Water conservation techniques, need of the hour for global denim players

Denim mills and chemical manufacturers have been consciously making efforts to find new water-saving dyes, waterless or near-waterless processes or manufacturing facilities equipped with technology to reduce water consumption. Levi Strauss & Co says they are only responsible for about a tenth of the water consumed in the entire lifecycle of a pair of jeans.

Nuria Estape, Head, marketing and promotion of textile specialties at Swiss chemical company Archroma, points out water scarcity is unfortunately already a harsh reality in some parts of the world. The most responsible brands and players in the textile industry fully acknowledge this reality and, under their leadership, impetus and initiatives, the entire industry is slowly but surely turning to more sustainable practices.

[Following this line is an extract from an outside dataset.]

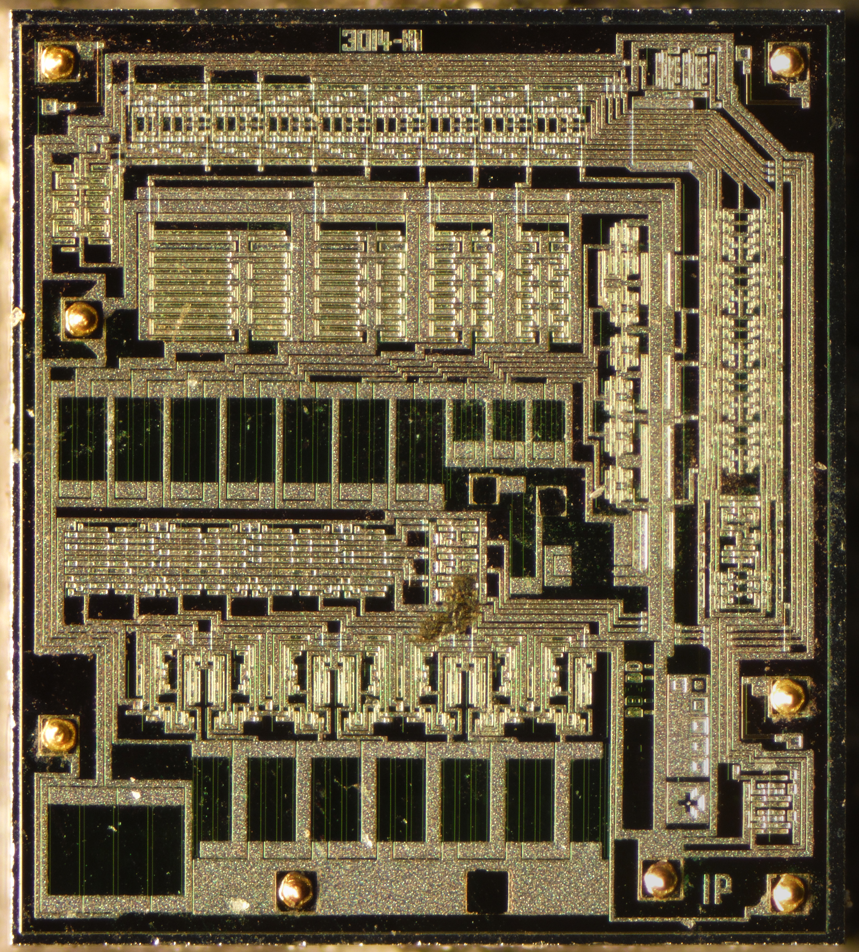 Yamaha Y3014B sound chip

Levi’s created Water Less, a set of standards and tools that removed up to 96% of the resource from the denim finishing process. For instance, instead of using a lot of water and detergent to achieve a stonewashed look, Levi’s discovered how to get the same result using ozone gas. Patagonia reduced its reliance on the resource by 84% after swapping out synthetic indigo dye for low-impact alternatives that adhere more easily to cotton. Similarly, Eileen Fisher worked with its Los Angeles jeans factory to develop two new washes, Utility Blue and Indigo, that both use 62% less water than the brands most intensive wash.

Meanwhile mills and suppliers are also taking initiatives. In line with this, Mexico-based mill Global Denim recently launched a zero-discharge dyeing process called Ecolojean that uses less water and energy than conventional methods required to dye one pair of jeans.